2. TTB. I think TTB is awesome but I'm so far down the road with Boomer's suspension that starting over again at this point isn't in the cards. I really like the way the van rides 90% of the time. The last 10% of the time I'm having problems with dampening as well as spring rate. Once those final issues are fixed I'll be where I need to be.

3. Interesting viewpoint on the coilovers. My typical usage is around 2500 miles per year, half of which being higher speed dirt. I do about 50 miles of actual "trail" a year, an none of it involves lifting a tire ;) With that sort of usage in mind, would coilovers present all that much more maintenance headache than if I were to have equally rebuildable/tunable emulsion smooth body shocks? I have no intention of going with an off the shelf damper solution, as the valving required in my rig due to both weight and center of gravity exceed (by a large margin) what a typical heavy duty shock can accommodate. I obliterate Rancho 9000 units (2" piston, 7/8" shaft) in 20 minutes of higher speed dirt travel. Bilstein shocks in the 7000 and 9000 series look like a possibility, but their quality from unit to unit seems pretty variable these days. With your background and experience, I'm curious what brands / models you run in your rig.

Thanks again. Good stuff.

SG
 

RIDGE

Adventurer
As far as your 2500 miles per year thing...I think Boomer should come out west for a winter. You could leave him at my place and we could explore Utah, Death Valley, and Baja (3 different trips). We could avoid lifting tires! I'd love to go on a couple of your trips as well.

It's unfortunate about the gearing you need but at least your Dana 60 is a full floater, so you can still get home with a broken shaft.

I don't have experience in driving a camper van off road yet, so I can't really relate. My green van is much lighter and I don't notice much fade, even after bombing down a dirt road for 60 miles (at 55mph). I'm always aired down quite a bit: 15psi on all the faster roads, 9psi on the trails. My 35" tires soak up a lot when aired down. Anyhoo, I'm using the Fox shocks that Agile Off-Road valved and haven't touched them in 10,000 miles (2,500 of dirt). I'm a Fox fan (they've sponsored me in motocross for years).

I wish you could do the TTB Dana 50 conversion...it's so reliable and easy to maintain, but I get where you're coming from. I've owned 6 four wheel drive vans and the TTB is 10 times better than any conversion I've driven. I will be interested to compare our Falcons once we meet up for a trip!

Coil-overs will put a lot of stress on their mounting locations. The force isn't spread out like factory coil buckets. If you break a mount, you will most likely mess up an expensive shock and you'll need a welder to get back home. You're smart though, so I'm sure you will address that situation.
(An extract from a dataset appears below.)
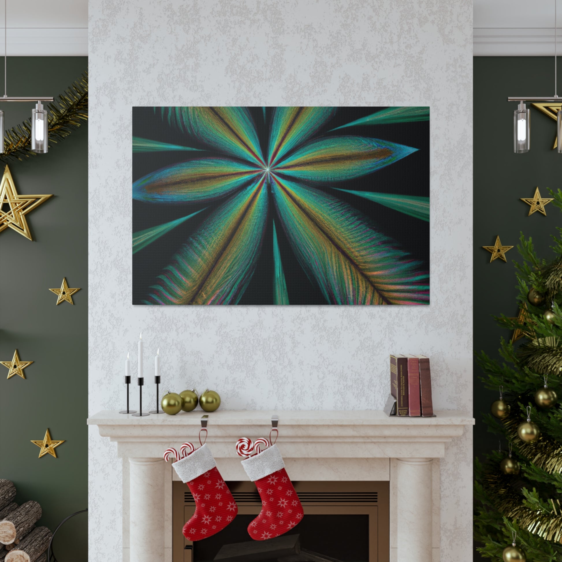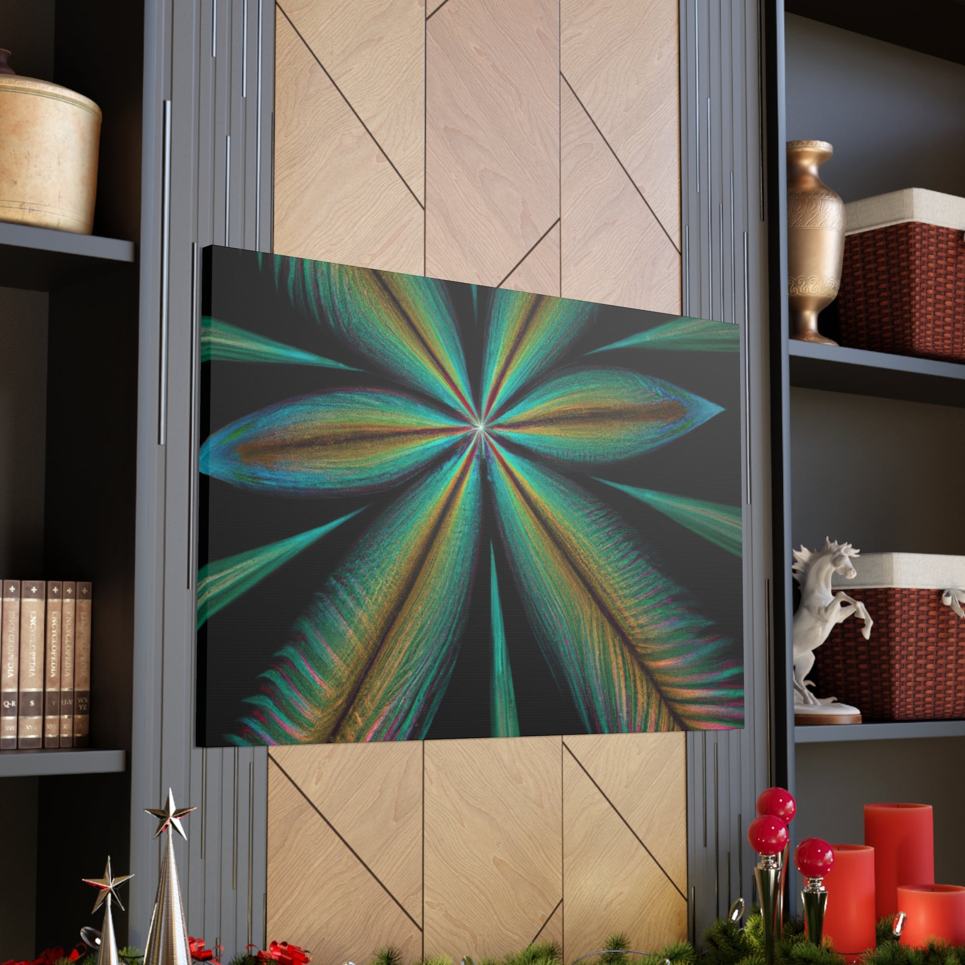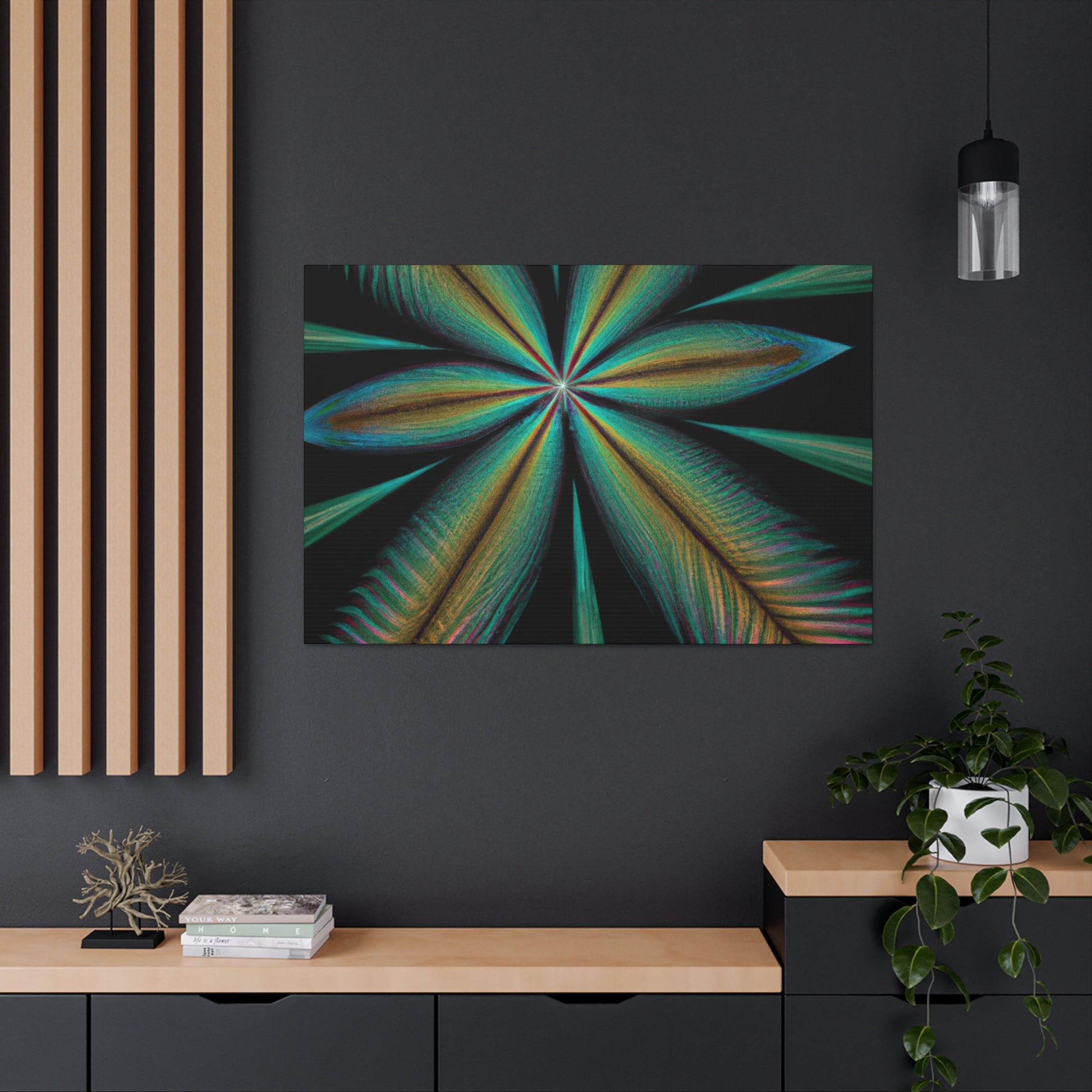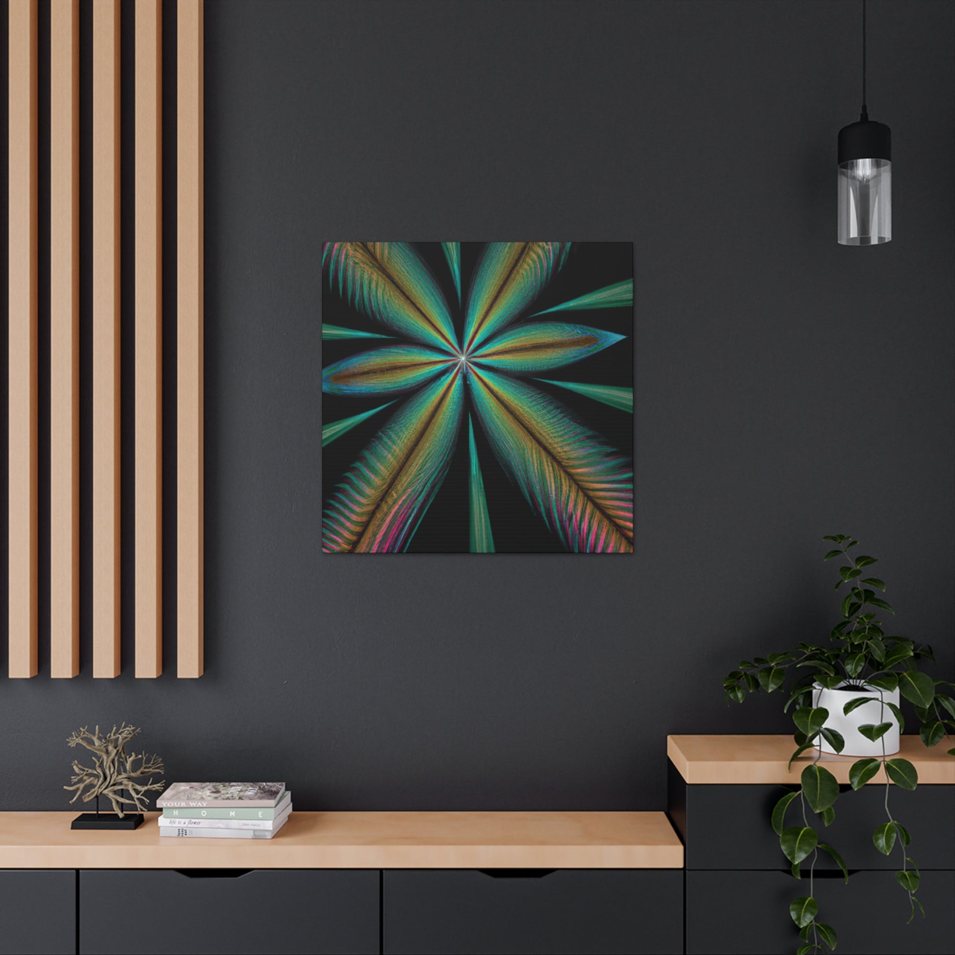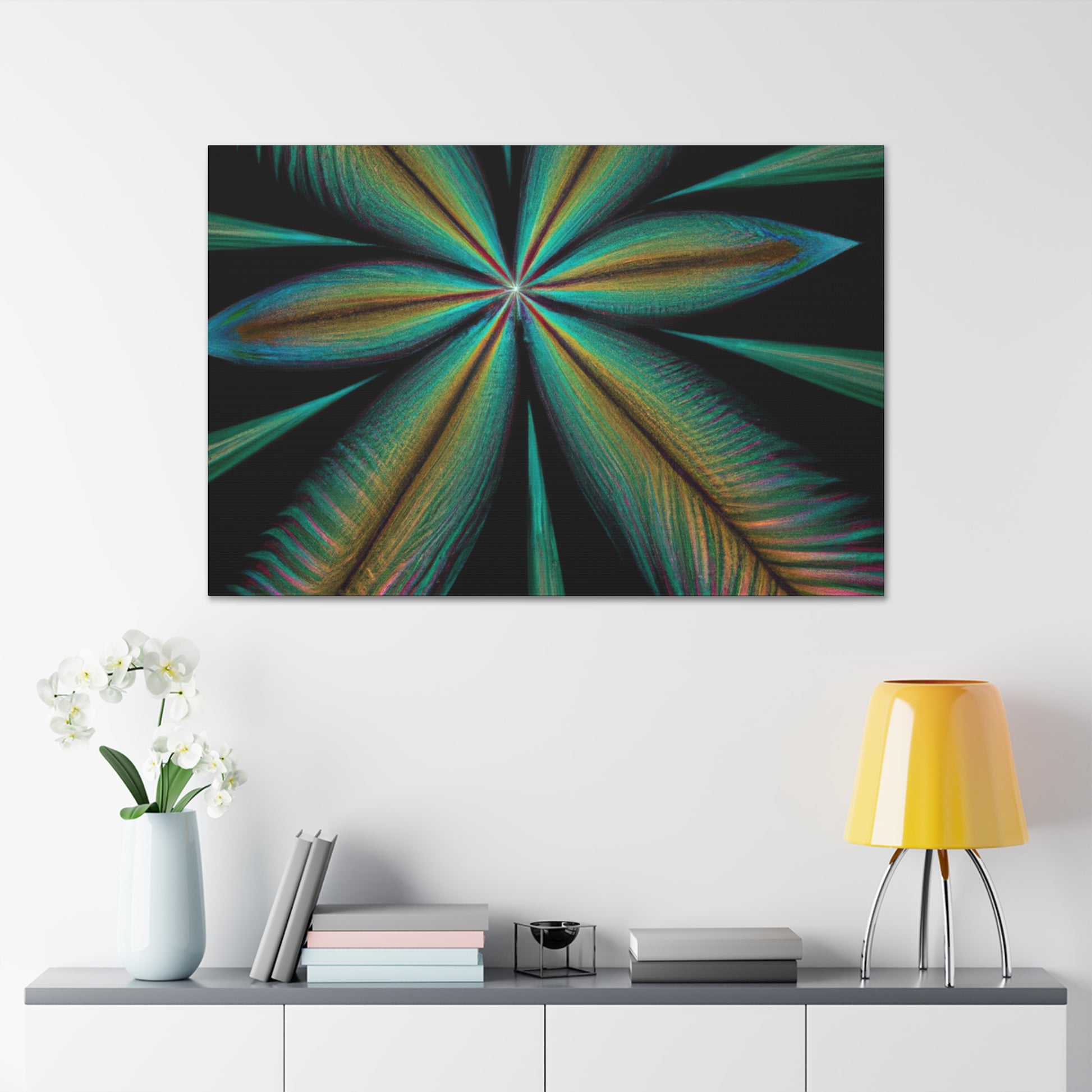 This vibrant abstract digital art canvas will bring life to any home or office! A colorful mixture of Trippy Geometric Palm Leaves, kaleidoscope, 3D lines and fractal make this piece unforgettable. Enjoy the fusion of bright colors and contemporary art and let your walls shine with this striking design. #abstract #digitalart #kaleidoscope #palmleaves #trippy #vibrantcolors #3dlines #fractal #geometric #art #contemporaryart

Judging by this thread I don't see shock maintenance being any problem for you! I wish I had your work ethic! It might be a pain in the butt to get the valving right at first. If I were you, I'd give Ramsey a call. He personally valves coil-overs and he owns a van similar to yours. I bet he can get you in the ballpark with the valving over the phone. He's very, very knowledgeable.